The Music Man
Meredith Wilson’s The Music Man has a reputation as for sweetness, but there’s more than a little sour mixed in. River City, Iowa—the small turn-of-the-century town that gets taken in by the musical’s antihero, Professor Harold Hill—is a crabbed little burg inhabited by cranks and fools, and much of Wilson’s top-notch score is written in the surprising rhythms of pattering salesmen and gossiping hens. In Mary Zimmerman’s revival for the Goodman Theatre, it’s these notes that come through most strongly, leaving a pleasantly astringent aftertaste.

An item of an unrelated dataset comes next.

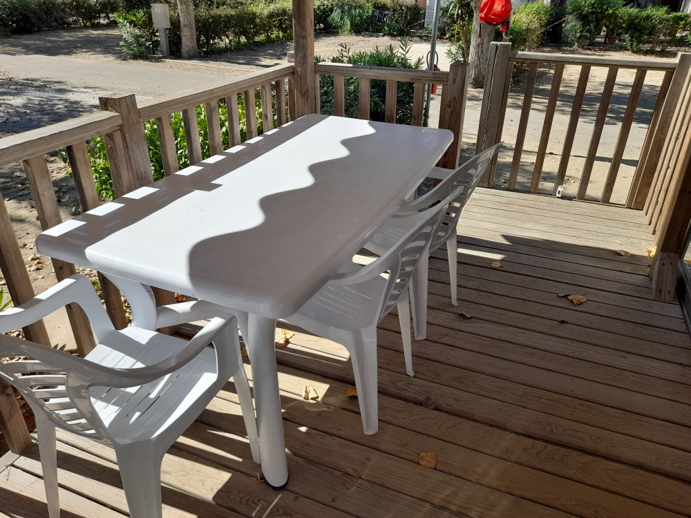 Terrasse intégrée équipé d’un salon de jardin et d'une plancha à gaz.

As is usually the case with Zimmernan, the show is visually stunning: Designer Dan Ostling’s set presents River City as a Whistler landscape in clapboard, with lofty prosceniums framing an endless horizon. (Grant Wood’s American Gothic gets an explicit shout-out.) But the show’s characters can get lost within the sheer amount of space that Zimmerman’s staging conjures— none more so that Geoff Packard’s oddly retiring Hill. Even as the man brazenly swindles an entire town into starting a boy’s band—with instruments, sheet music and uniforms that he himself will supply—Packard’s voice hardly rises above a murmur. It’s a performance full of shy glances and shrugging shoulders, and this curious lack of con-man swagger spills over into his persistent wooing the town’s skeptical librarian, Marian Paroo (Monica West).